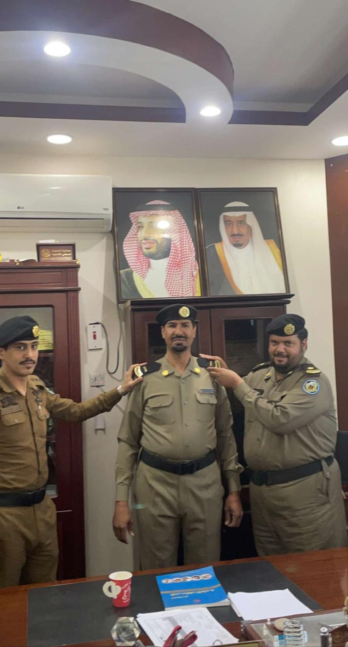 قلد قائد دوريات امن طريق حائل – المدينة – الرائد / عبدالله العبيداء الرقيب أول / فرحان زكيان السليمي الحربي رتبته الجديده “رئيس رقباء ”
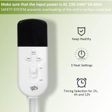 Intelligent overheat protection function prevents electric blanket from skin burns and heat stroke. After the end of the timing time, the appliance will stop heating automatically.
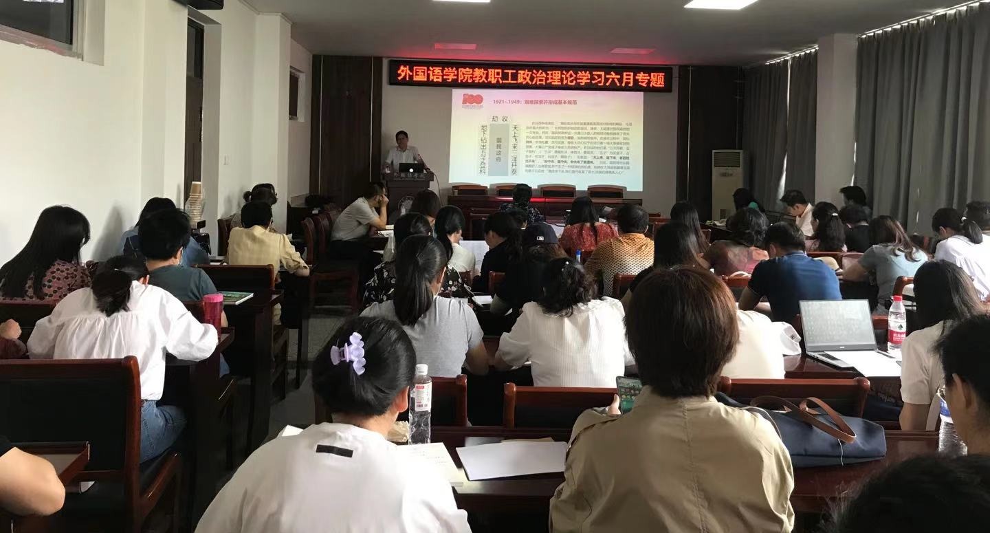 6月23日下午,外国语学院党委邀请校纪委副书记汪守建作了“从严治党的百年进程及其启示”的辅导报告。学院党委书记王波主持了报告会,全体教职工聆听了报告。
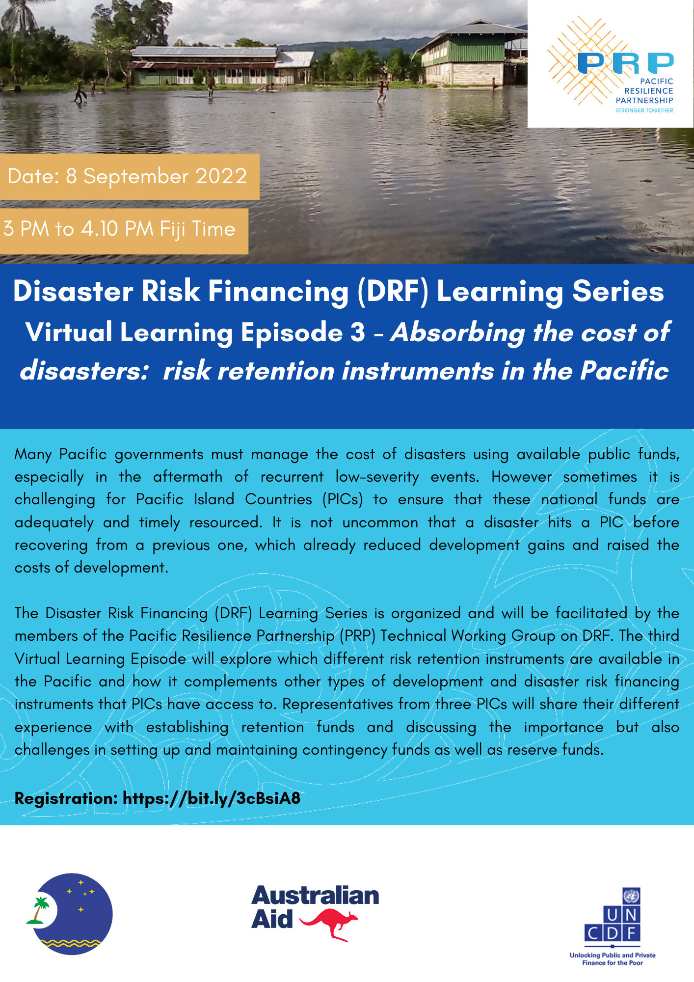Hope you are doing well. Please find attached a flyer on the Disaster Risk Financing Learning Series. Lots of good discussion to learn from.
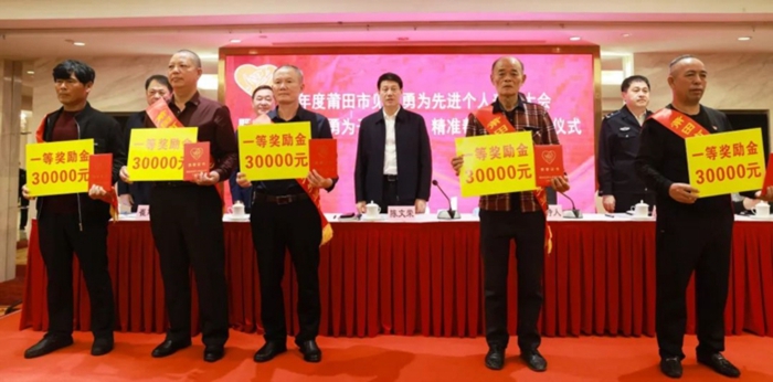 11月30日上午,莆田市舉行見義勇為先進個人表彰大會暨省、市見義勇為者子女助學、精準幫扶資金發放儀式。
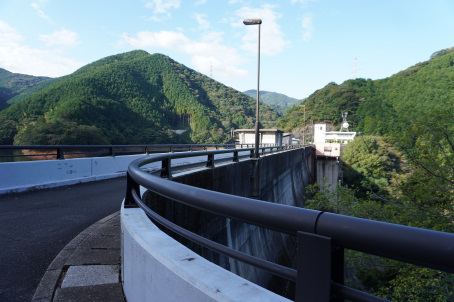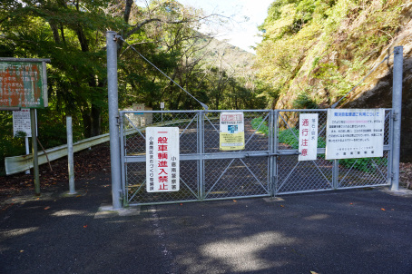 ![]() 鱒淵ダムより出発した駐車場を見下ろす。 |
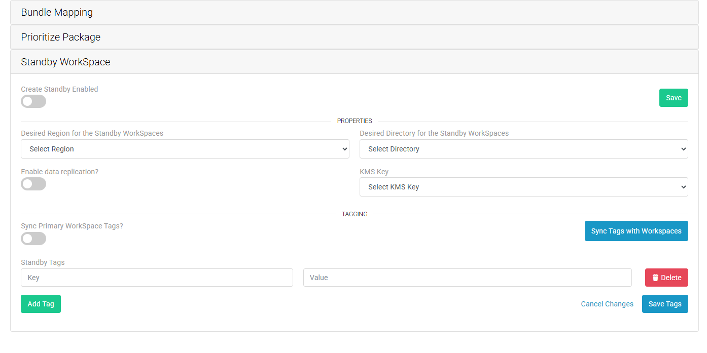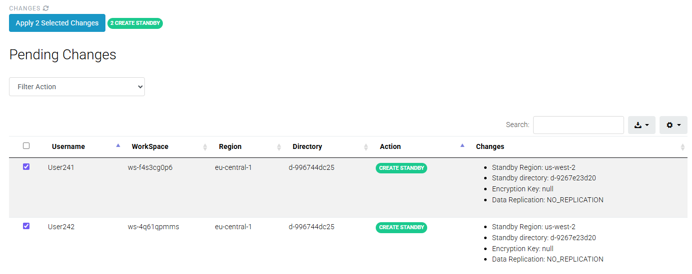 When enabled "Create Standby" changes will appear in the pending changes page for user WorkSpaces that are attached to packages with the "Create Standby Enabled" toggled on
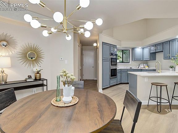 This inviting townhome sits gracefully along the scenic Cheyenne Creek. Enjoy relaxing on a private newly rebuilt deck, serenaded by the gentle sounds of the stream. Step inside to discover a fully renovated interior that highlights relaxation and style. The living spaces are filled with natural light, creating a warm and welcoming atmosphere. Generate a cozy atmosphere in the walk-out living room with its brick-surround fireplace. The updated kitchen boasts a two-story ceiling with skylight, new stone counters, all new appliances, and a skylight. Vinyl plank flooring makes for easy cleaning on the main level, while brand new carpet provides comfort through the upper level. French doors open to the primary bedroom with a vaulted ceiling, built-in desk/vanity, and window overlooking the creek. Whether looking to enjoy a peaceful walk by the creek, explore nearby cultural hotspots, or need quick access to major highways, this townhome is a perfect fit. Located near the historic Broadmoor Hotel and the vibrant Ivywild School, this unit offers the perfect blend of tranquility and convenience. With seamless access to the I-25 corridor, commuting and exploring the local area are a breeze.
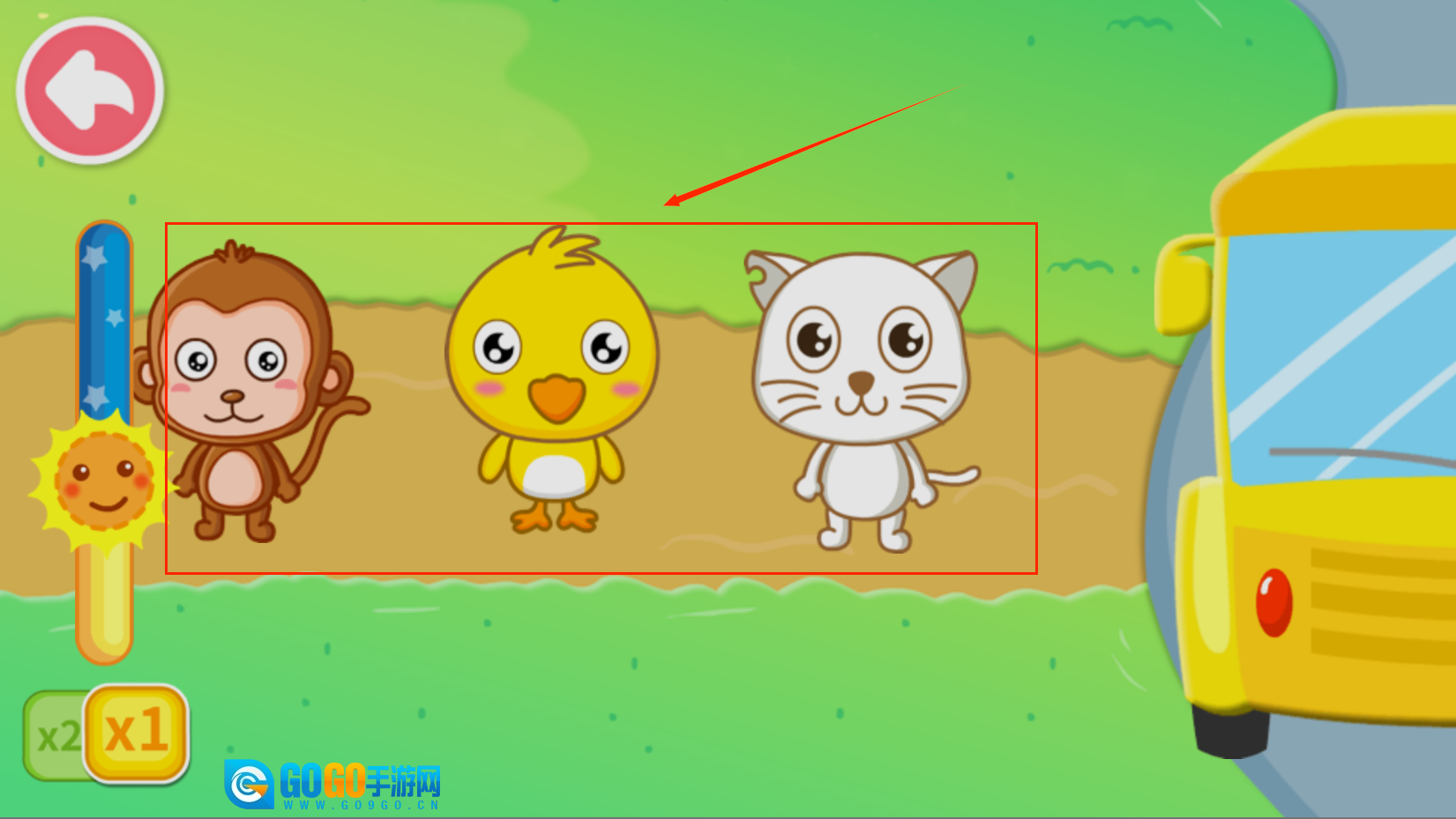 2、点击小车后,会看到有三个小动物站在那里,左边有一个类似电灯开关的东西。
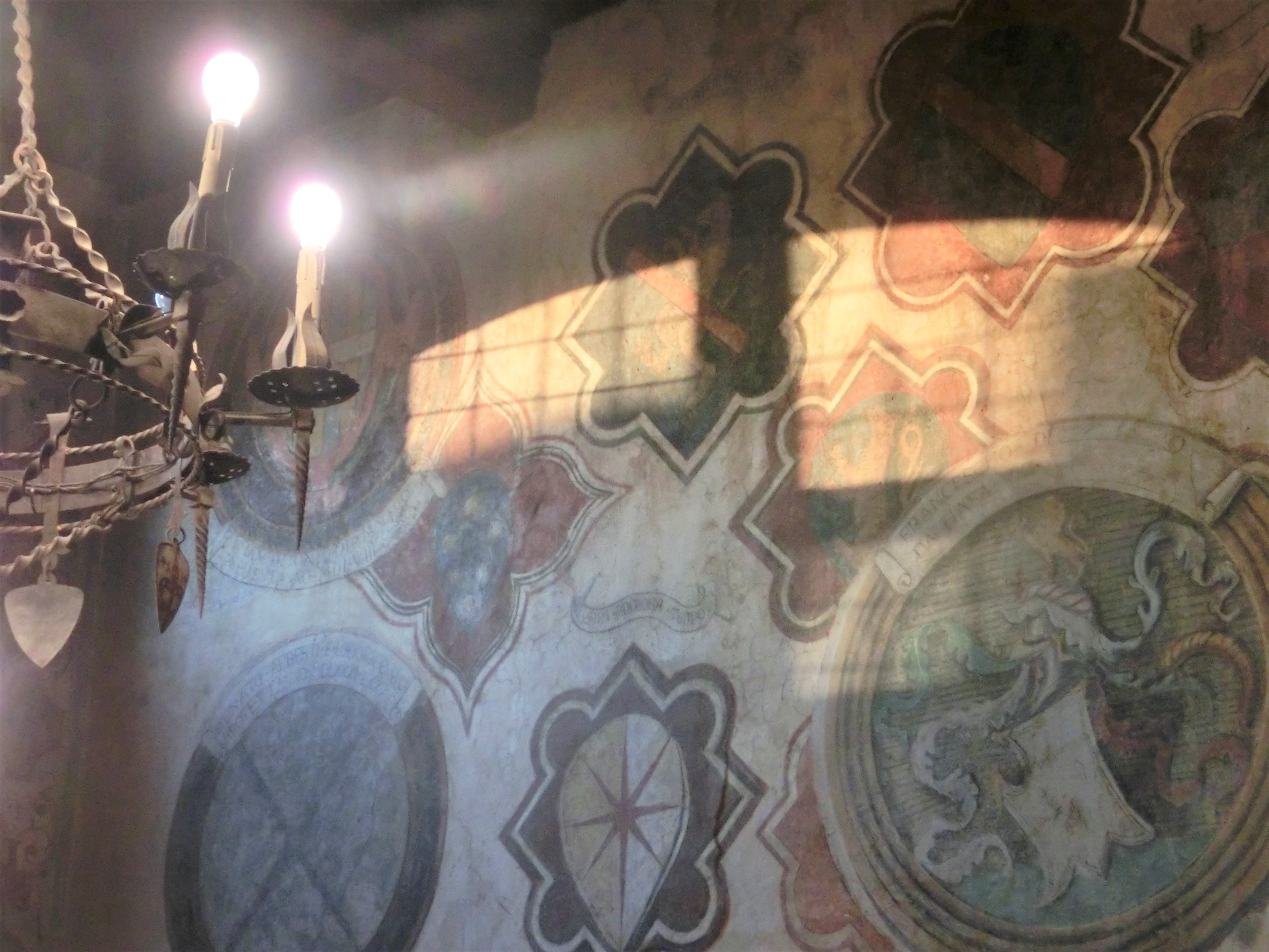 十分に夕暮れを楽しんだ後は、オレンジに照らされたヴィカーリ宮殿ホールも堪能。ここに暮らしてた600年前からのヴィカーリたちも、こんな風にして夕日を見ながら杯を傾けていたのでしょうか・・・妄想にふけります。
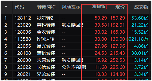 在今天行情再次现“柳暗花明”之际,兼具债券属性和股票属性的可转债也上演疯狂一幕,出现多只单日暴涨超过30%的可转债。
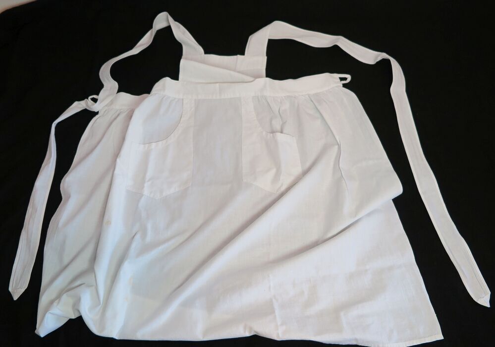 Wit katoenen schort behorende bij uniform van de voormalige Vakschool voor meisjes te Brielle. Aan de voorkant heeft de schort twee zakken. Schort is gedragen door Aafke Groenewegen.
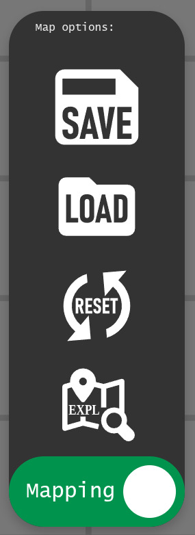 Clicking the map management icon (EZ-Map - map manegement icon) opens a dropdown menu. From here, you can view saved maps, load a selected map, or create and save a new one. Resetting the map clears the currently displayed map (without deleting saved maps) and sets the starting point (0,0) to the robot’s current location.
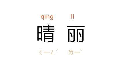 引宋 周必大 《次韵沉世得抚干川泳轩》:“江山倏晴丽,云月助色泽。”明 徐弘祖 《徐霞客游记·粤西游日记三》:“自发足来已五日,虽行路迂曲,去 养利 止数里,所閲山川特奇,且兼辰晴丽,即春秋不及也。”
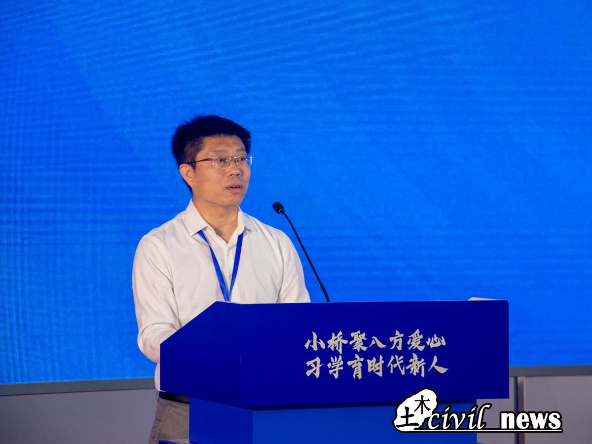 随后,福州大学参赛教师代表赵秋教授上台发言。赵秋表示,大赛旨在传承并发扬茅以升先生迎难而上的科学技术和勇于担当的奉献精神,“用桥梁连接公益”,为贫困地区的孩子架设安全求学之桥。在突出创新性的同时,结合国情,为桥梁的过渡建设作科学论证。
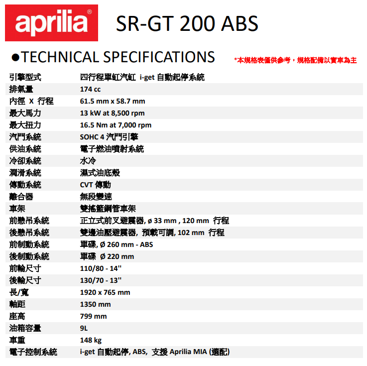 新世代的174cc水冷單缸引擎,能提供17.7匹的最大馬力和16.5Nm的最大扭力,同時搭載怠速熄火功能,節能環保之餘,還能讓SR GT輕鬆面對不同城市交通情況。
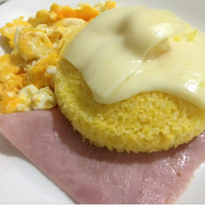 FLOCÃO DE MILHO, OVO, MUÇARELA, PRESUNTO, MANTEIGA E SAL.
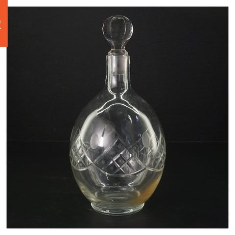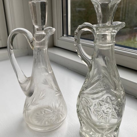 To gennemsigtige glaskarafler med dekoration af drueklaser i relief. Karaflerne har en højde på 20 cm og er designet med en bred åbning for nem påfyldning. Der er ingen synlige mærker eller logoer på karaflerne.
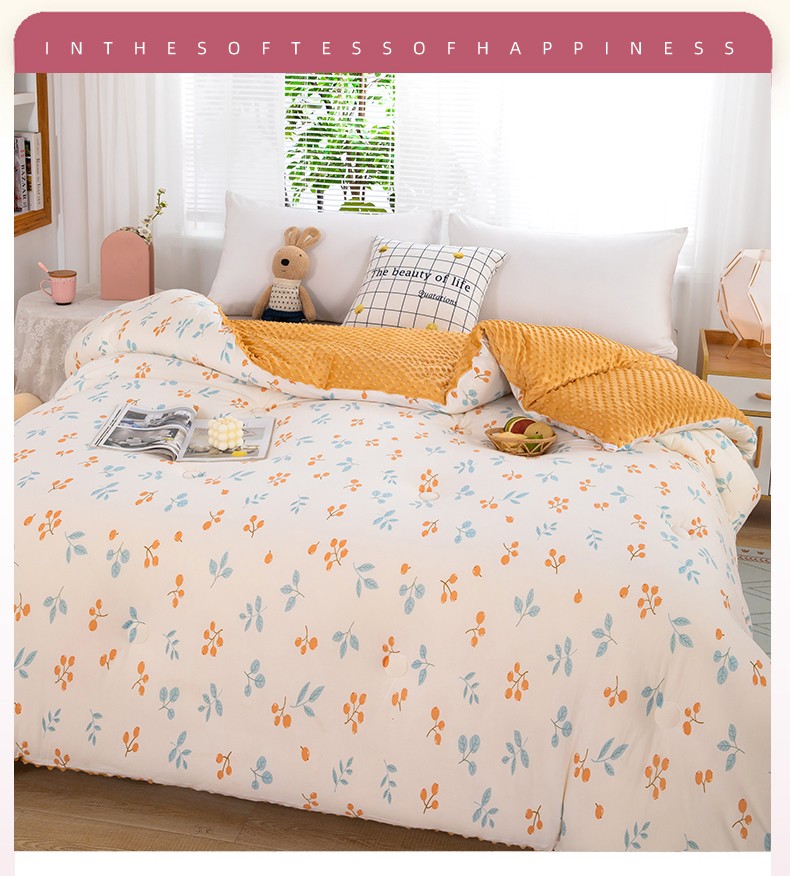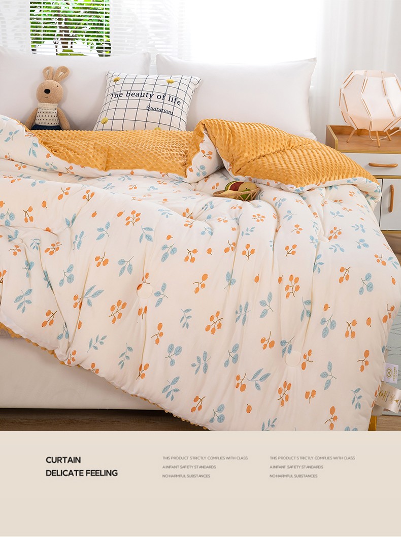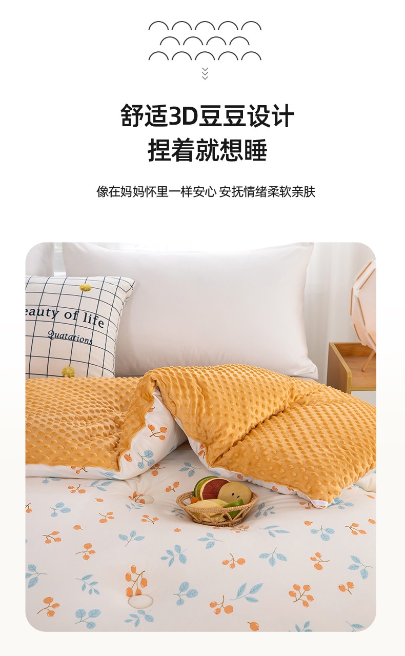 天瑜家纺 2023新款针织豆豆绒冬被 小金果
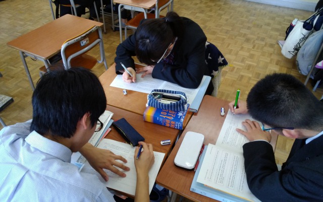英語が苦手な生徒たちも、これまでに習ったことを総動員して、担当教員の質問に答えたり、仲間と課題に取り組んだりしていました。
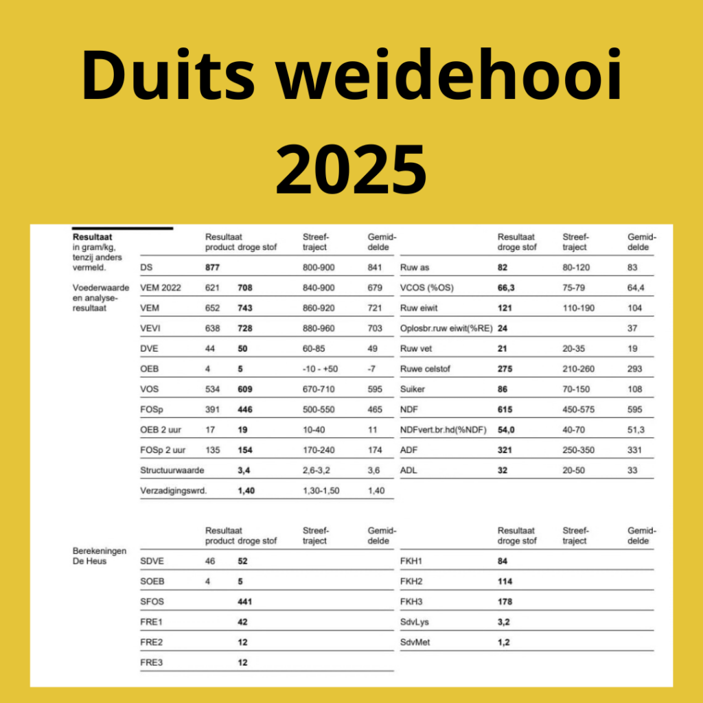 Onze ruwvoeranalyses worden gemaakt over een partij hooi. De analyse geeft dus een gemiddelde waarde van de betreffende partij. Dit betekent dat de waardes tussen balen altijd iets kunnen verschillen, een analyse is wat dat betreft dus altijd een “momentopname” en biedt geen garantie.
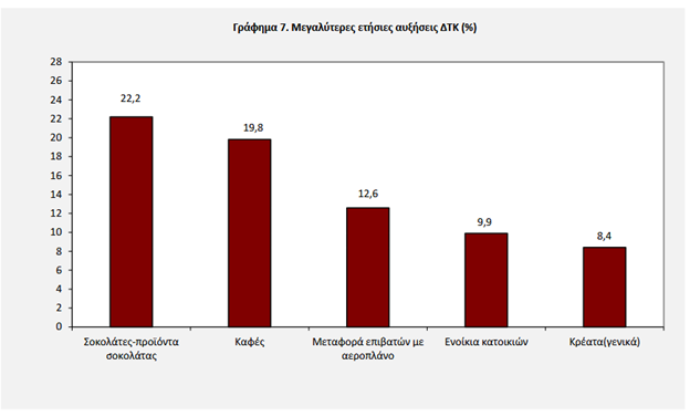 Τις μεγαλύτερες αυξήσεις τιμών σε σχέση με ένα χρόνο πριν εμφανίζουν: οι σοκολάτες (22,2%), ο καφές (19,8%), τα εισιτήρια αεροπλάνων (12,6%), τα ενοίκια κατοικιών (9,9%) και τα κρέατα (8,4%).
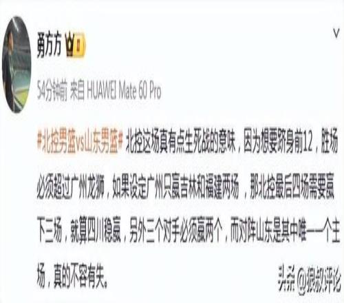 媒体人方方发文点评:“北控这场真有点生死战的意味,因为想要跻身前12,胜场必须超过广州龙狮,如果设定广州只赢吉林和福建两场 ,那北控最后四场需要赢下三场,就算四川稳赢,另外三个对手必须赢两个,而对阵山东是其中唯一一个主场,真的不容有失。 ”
=====
■ TASK GOAL
Would you set down only the lines above from the line with "Hope you are" to the line with "changes will appear", both included, exactly as they stand and without the pictures?

■ SOLUTION BELOW
Hope you are doing well. Please find attached a flyer on the Disaster Risk Financing Learning Series. Lots of good discussion to learn from.
 11月30日上午,莆田市舉行見義勇為先進個人表彰大會暨省、市見義勇為者子女助學、精準幫扶資金發放儀式。
 ![]() 鱒淵ダムより出発した駐車場を見下ろす。 |
 When enabled "Create Standby" changes will appear in the pending changes page for user WorkSpaces that are attached to packages with the "Create Standby Enabled" toggled on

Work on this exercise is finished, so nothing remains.